- _To do_
The lines below, from the one containing "このサイトの現在のパフォーマンス 2026 1/24" through the one containing "Hähnchenfiletstücke in einer", should be set down exactly, with no pictures and nothing else.
Start of Records for the exercise
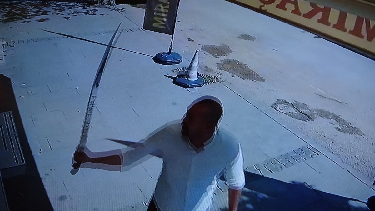 Tartışmanın ardından M.D. ve A.D., D.E.’nin kapısına kılıçla dayandı. Saldırganlardan biri D.E.’yi kolundan tutup tokatladıktan sonra kılıçla yaraladı
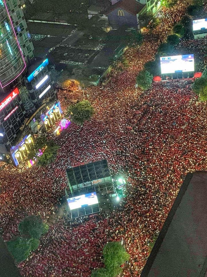 Dòng người TP.HCM đổ về con đường để chứng kiến trận đấu lịch sử. Ảnh: FB Thanh Tuyền.
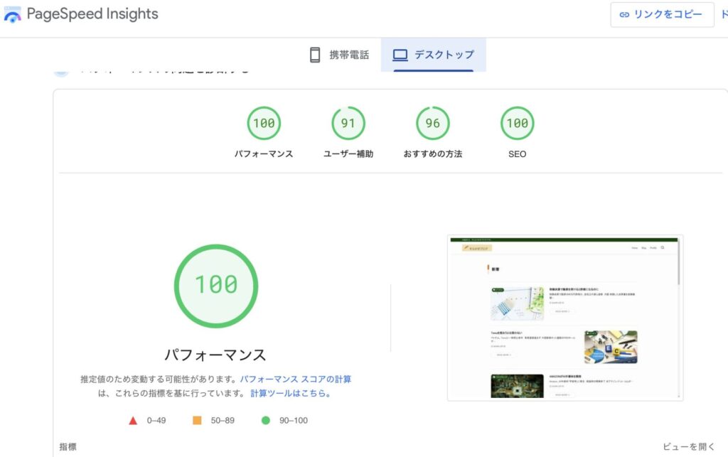 このサイトの現在のパフォーマンス 2026 1/24 ブログ運営 2024年12月7日2026年1月24日 Screenshot Screenshot 素晴らしいパフォーマンスです。 このサイトは、WordPressのテーマ(SWELL)を使用しています。運用が安定しており、とても使いやすいと思います。有料ですが、購入する価値はあると思います。 ブログ運営
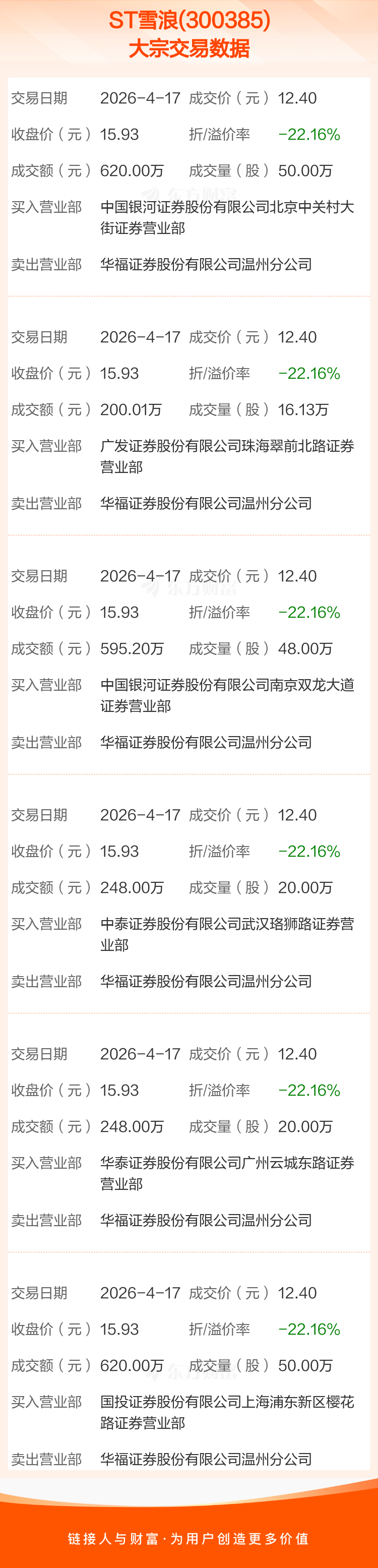 大宗交易:ST雪浪成交2531.21万元,折价22.16%(4-17)
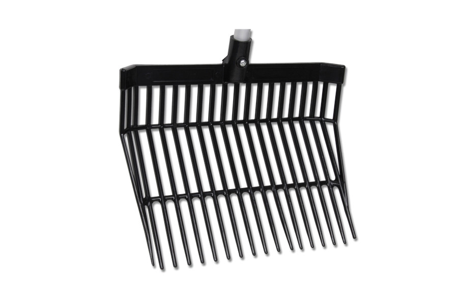 Bollengabel aus strapazierfähigem Kunststoff zur einfachen Entmistung von Torf- und Späneeinstreu. Die Seiten sind erhöht um ein seitliches Herausfallen zu verhindern. Ohne Stiel.
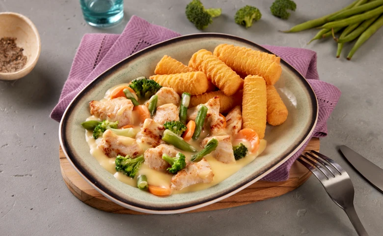 Hähnchenfiletstücke in einer feinen Schlemmersoße mit Möhren und Brokkoli, dazu Kroketten
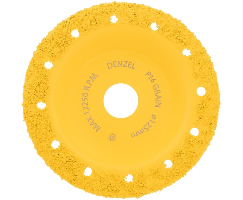 Твердосплавная зачистная чашка Denzel 72977 диаметром 125 мм, со средним зерном P16 и наклонной рабочей частью, устанавливается на углошлифовальную машину (УШМ) и используется для черновой обработки деревянных, пластиковых, резиновых, газобетонных и кирпичных поверхностей. Позволяет устранить неровности, снять слой старой краски, клея, цемента. В ходе зачистных работ не образуется абразивная пыль, что снижает вредное воздействие на здоровье пользователя. Наклонная рабочая часть упрощает обработку деталей сложной формы. Облегченный корпус позволяет избежать излишней нагрузки на УШМ и преждевременного выхода инструмента из строя. Преимущества Эффективность — абразив из твердого сплава карбида вольфрама ВК8 обеспечивает высокую режущую способность и скорость работы. Надежность — штампованный корпус из стали 45 отличается высокой прочностью. Высокий ресурс — абразивные зерна надежно закреплены на основании методом вакуумной пайки, рабочая поверхность не подвержена засаливанию. Производительность — в корпусе предусмотрены отверстия для отвода шлама, что обеспечивает высокую скорость работы и позволяет избежать перегрева оснастки. Защита от коррозии — на чашку нанесено эмалевое покрытие. Простой уход — после окончания работы достаточно очистить оснастку щеткой.
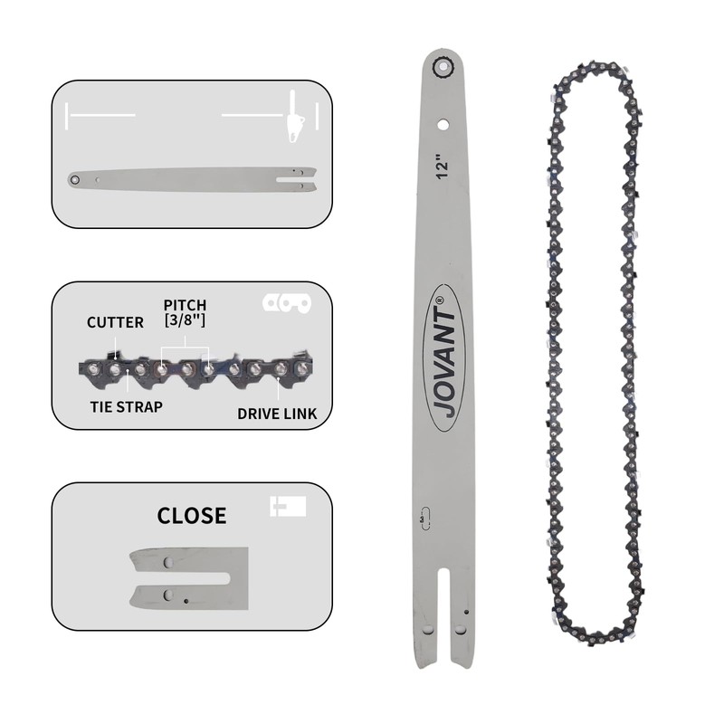 - 12 Inch Chainsaw Guide and Chain Combo-Replacement Part:Drive Link: 62;Pitch:1/4 inch low profile.Fits JOVANT 12 inch chainsaws and pole saws.
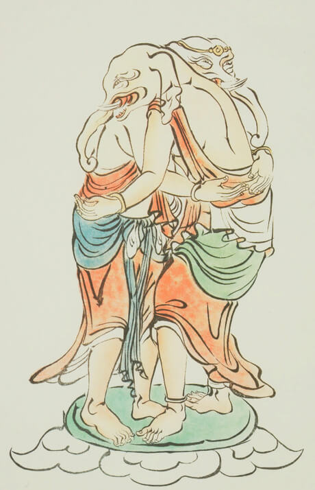 本堂の十一面観世音菩薩が大聖歓喜天(ダイショウカンギテン)を略した「聖天さん」のご本尊ですが、本来の歓喜天は象頭人身の男女二体の立像が向き合って抱擁している秘仏で、男女睦まじく子宝に恵まれ、商売繁盛のご利益が得られるそうです。
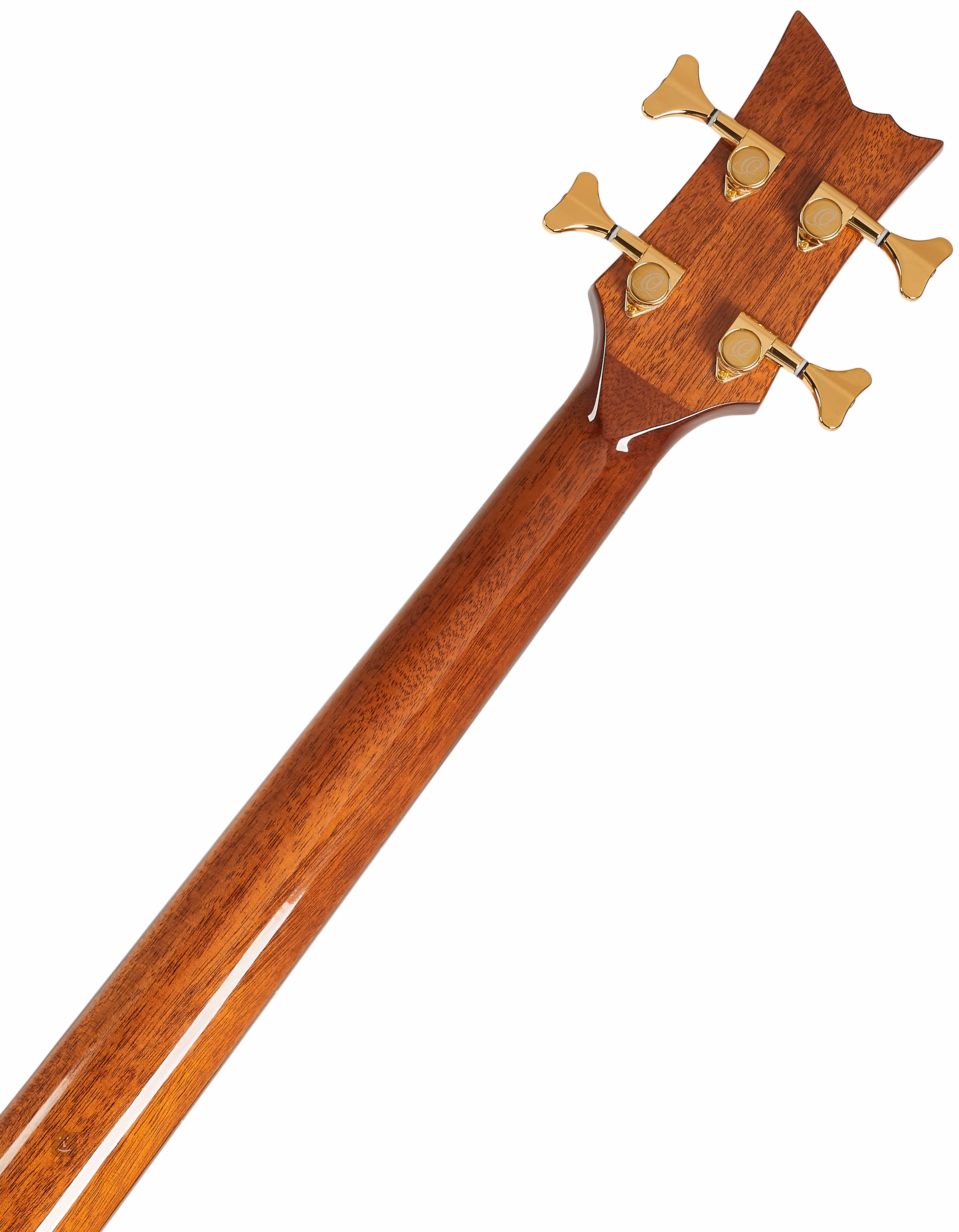 Možnost ozvučení, protože ozvučit akustickou baskytaru prostě chcete, nabízí preamp MagusPRO s třípásmovým ekvalizérem, fázovým invertorem a zabudovanou ladičkou. Pěkné zpracování podtrhují firemní die-cast mechaniky ve zlatém provedení, praktická opěrka ruky (armrest), obvodová lemovka z akácie, ořechová lemovka hmatníku a rozeta složená z perleti, javoru a ořechu.
End of Records for the exercise
- _Task response_
 このサイトの現在のパフォーマンス 2026 1/24 ブログ運営 2024年12月7日2026年1月24日 Screenshot Screenshot 素晴らしいパフォーマンスです。 このサイトは、WordPressのテーマ(SWELL)を使用しています。運用が安定しており、とても使いやすいと思います。有料ですが、購入する価値はあると思います。 ブログ運営
 大宗交易:ST雪浪成交2531.21万元,折价22.16%(4-17)
 Bollengabel aus strapazierfähigem Kunststoff zur einfachen Entmistung von Torf- und Späneeinstreu. Die Seiten sind erhöht um ein seitliches Herausfallen zu verhindern. Ohne Stiel.
 Hähnchenfiletstücke in einer feinen Schlemmersoße mit Möhren und Brokkoli, dazu Kroketten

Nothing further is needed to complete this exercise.